I recently re-read Michael Porter’s 1996 article “What is Strategy?”  This article is crucial for all managers and executives, as it explains the key elements of strategy and what distinguishes it from operational excellence.

Porter reminds us that excellence is not a strategy.

Let’s discuss these concepts and their impact on our decisions.

The Essence of Strategy

For the past three years, we’ve been hammering home a key message on the podcast: strategy is the art of creating value differently from the competition.

It’s about making bold, deliberate choices to stand out from the competition. This means :

  • Targeting specific customers, segments or needs: Don’t try to please everyone, but perfectly meet the expectations of a chosen clientele.
  • Offering a unique value proposition: Develop products or services that stand out by being tailored to market needs (jobs, pains, gains).
  • Setting different relative prices: Don’t get caught up in a price war; instead, price your offer according to its perceived value.
  • Adopting distinct activities and business models: Implement processes, partnerships or distribution channels that create a durable competitive advantage.

The Importance of Strategic Coherence

Porter emphasizes the importance of a holistic view of strategy. The choices made must be coherent and mutually reinforcing.

This is what he calls “strategic fit”.

Every activity and every competence must contribute to the ultimate goal: to create a unique and defensible competitive advantage.

Operational Excellence: A Means, Not an End

Of course, operational excellence is essential.

It enables process optimization, quality improvement, cost reduction, and efficiency enhancement.
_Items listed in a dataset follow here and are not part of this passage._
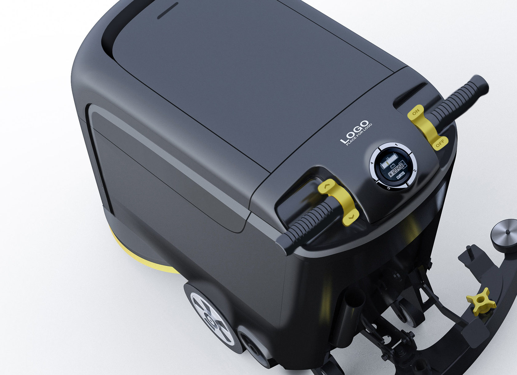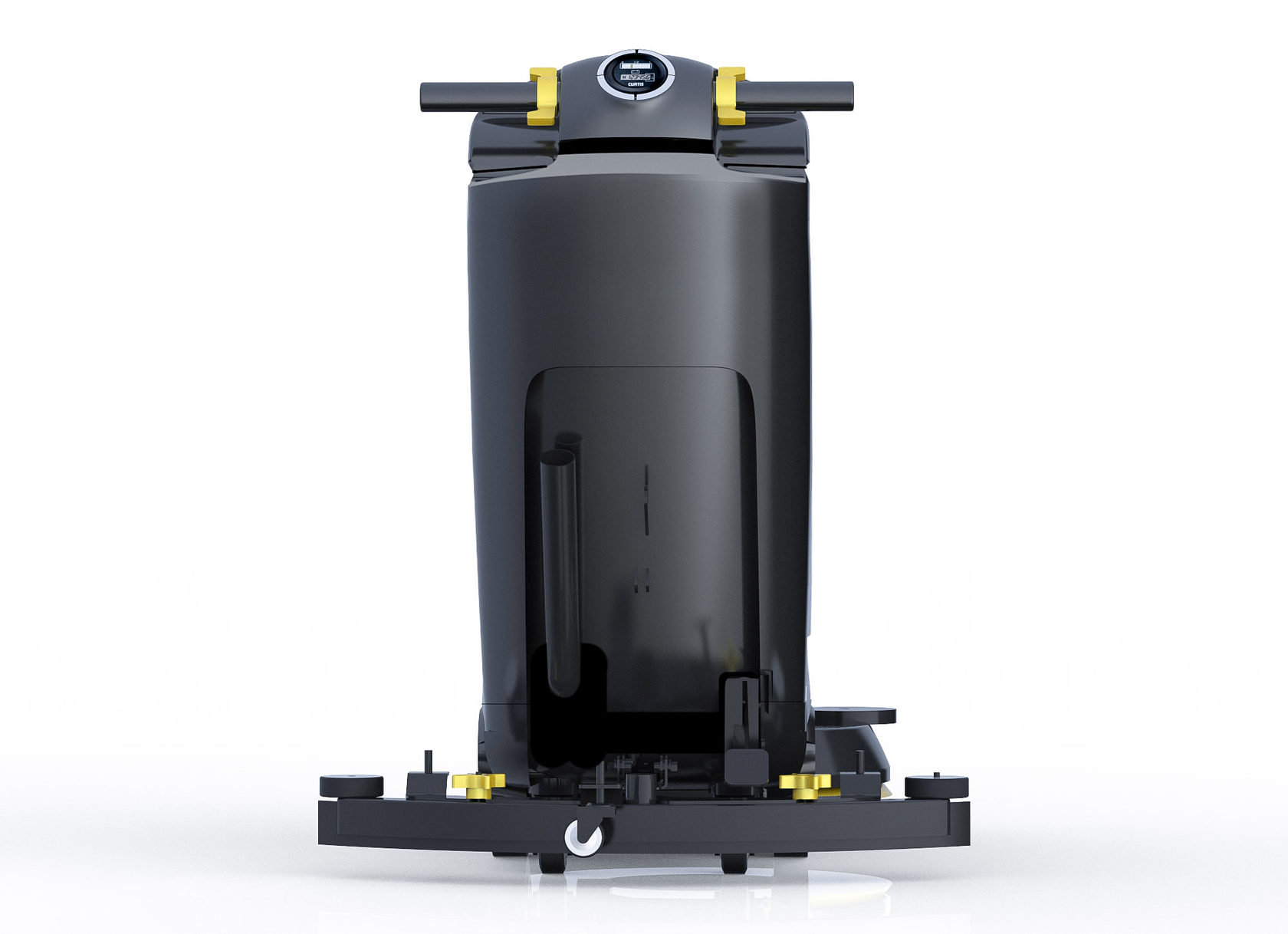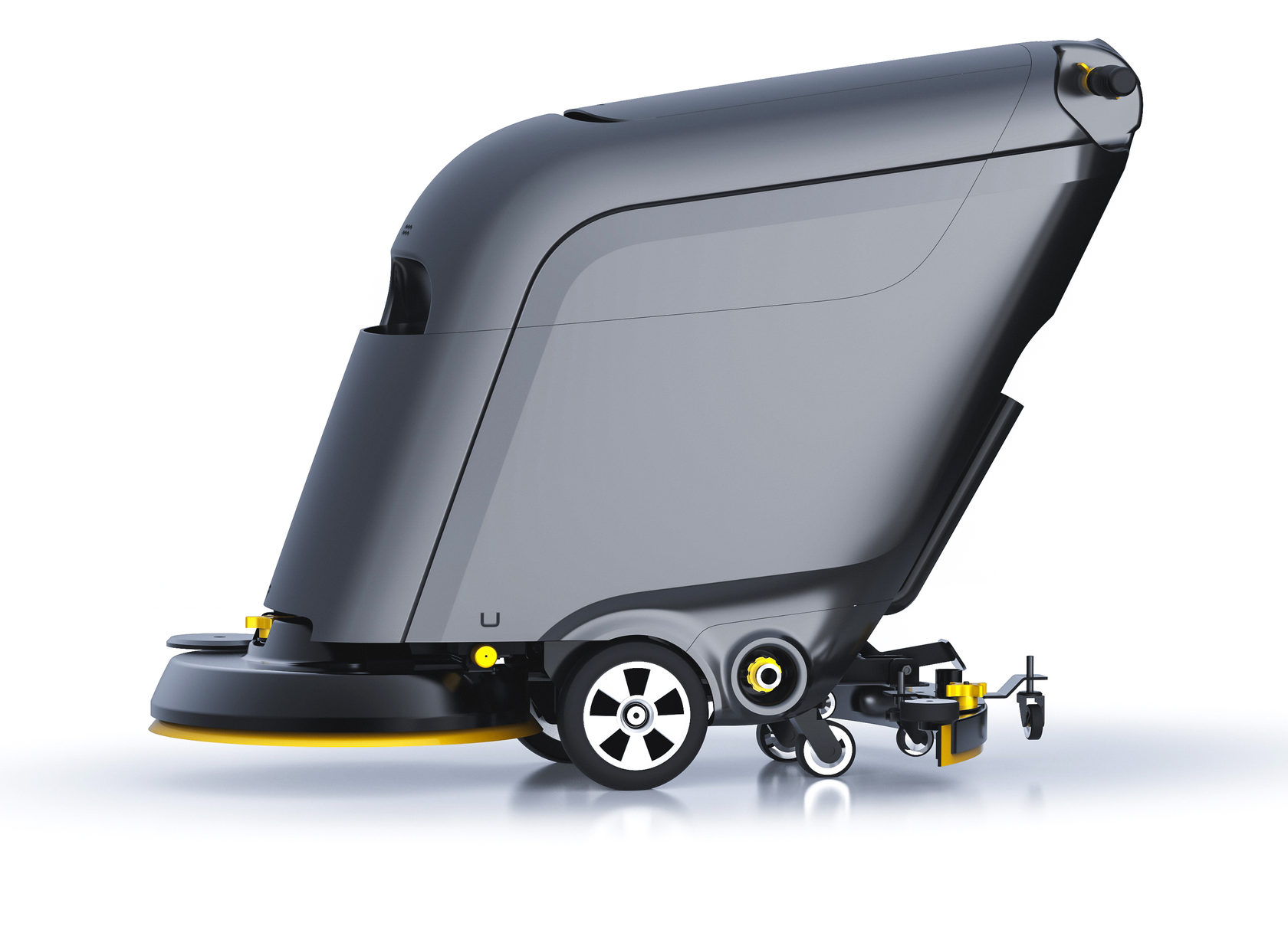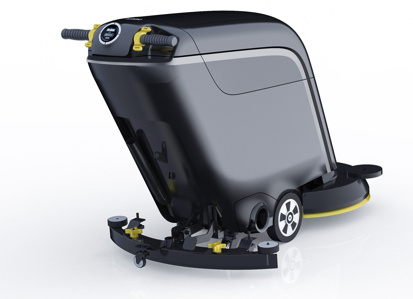 Как работает поломоечная машина? Пол смачивается моющим раствором из одного бака, растирается щёткой, и вся грязь собирается машиной в другой бак. Готово — всё чисто. Корпус защищает оба бака, аккумулятор, мотор, электронную начинку и навесное оборудование. Элементы управления — педаль поднятия щётки, курки на руле «вперед/назад» и «вкл/выкл».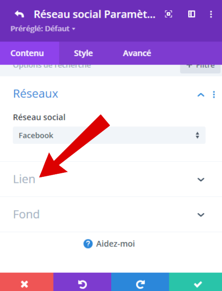 4. Ensuite, dans le paramètre du réseau social, allez dans « lien » puis insérez le lien du réseau.
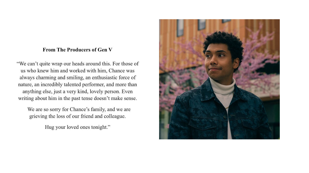 Sony Pictures Televisión productores de Generación V, dejaron ver que esta partida es devastadora.”Para aquellos que lo conocimos, Chance siempre fue encantador y sonriente con una fuerza entusiasta de la naturaleza, un actor increíblemente talentoso “. Los fans se han encargado en redes sociales de hacer un homenaje a Chance Perdomo con videos, fotos y momentos donde se le sonriendo.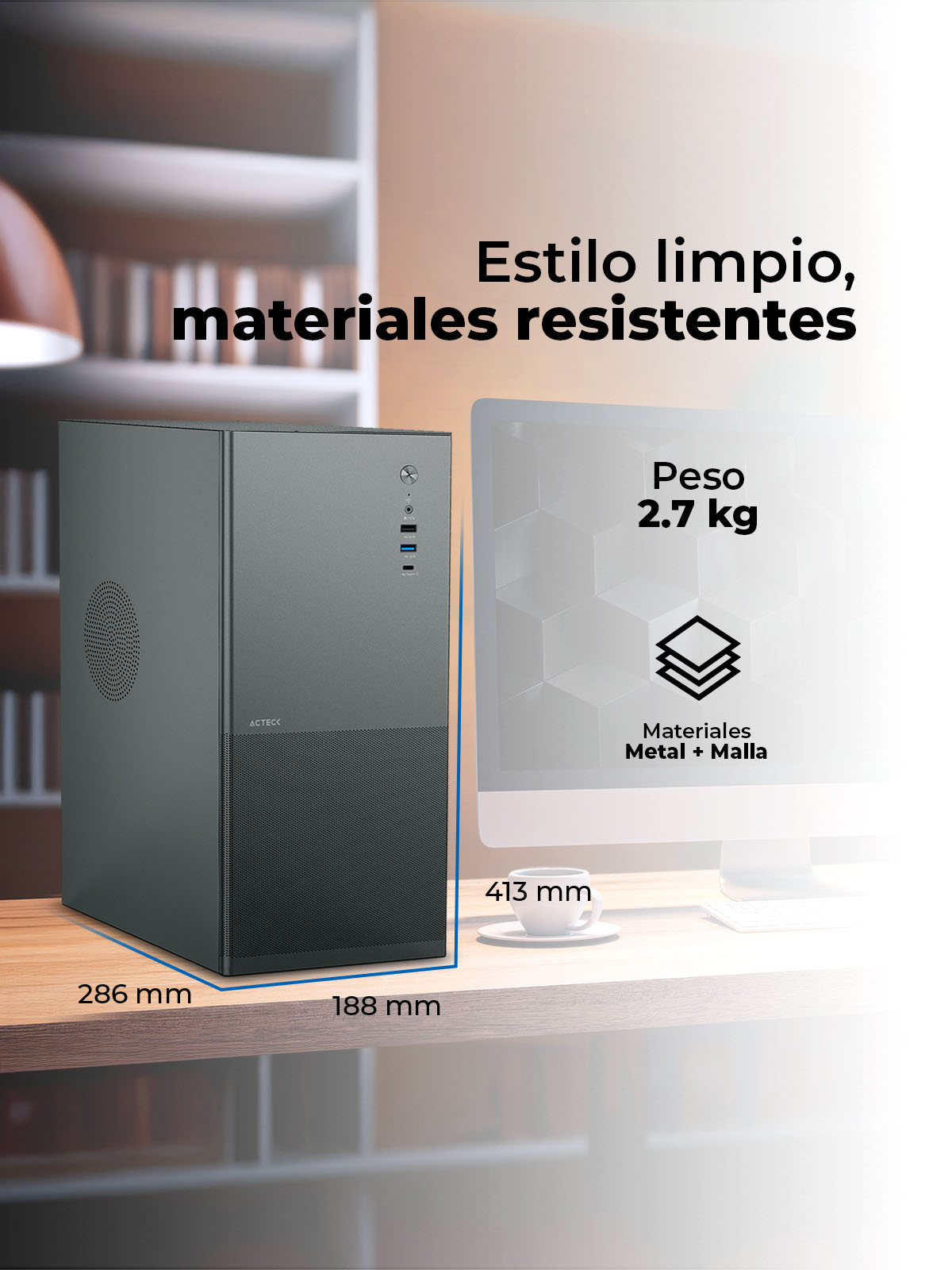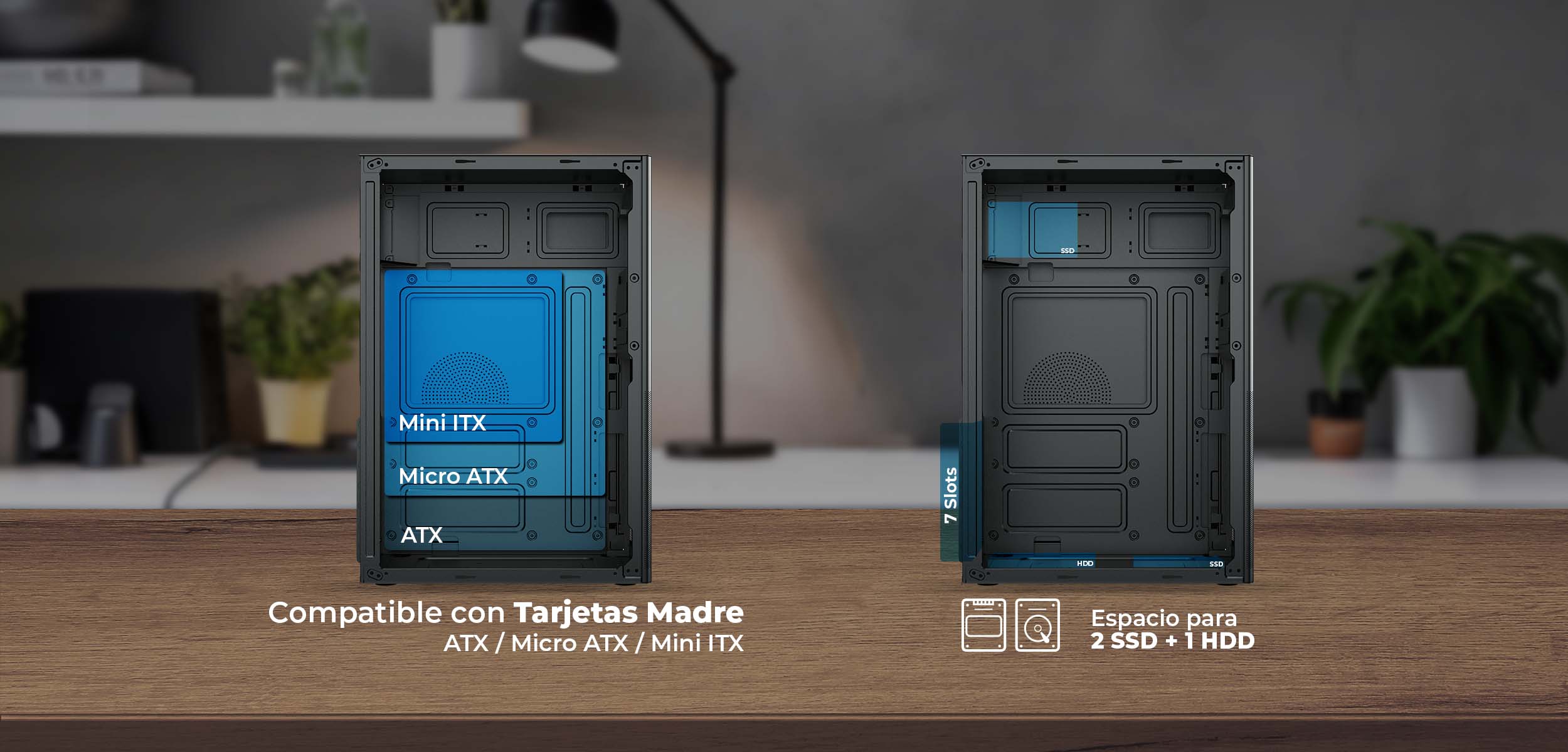 Soporta tarjetas madre Micro ATX y Mini ITX, optimizando el espacio disponible sin comprometer el rendimiento.

But it should not be an end in itself.

If all players in a sector achieve the same level of excellence, no one really stands out.

Excellence must be at the service of strategy. It must be aligned with strategic choices and contribute to strengthening the competitive advantage.

Therefore, it is a significant means of achieving the strategic vision, but it cannot guarantee success alone.

Strategy: A Matter of Choice

A strategy requires in-depth consideration of the company’s ambitions, market positioning and means of winning.

It involves making difficult choices, sometimes counter-intuitive, but always guided by a clear and coherent vision.

Operational excellence is a valuable force, but it does not replace the need for a solid strategy.

It’s by combining a clear strategic vision with outstanding operational execution that companies can truly stand out and prosper over the long term.

Ask yourself:

  • To what end are you working to improve your performance?
  • Does it allow you to differentiate yourself?
  • Have you made different choices than your competitors?

Next Steps

When the time is right, we can help you clarify your strategic options and choices to realize your business ambitions.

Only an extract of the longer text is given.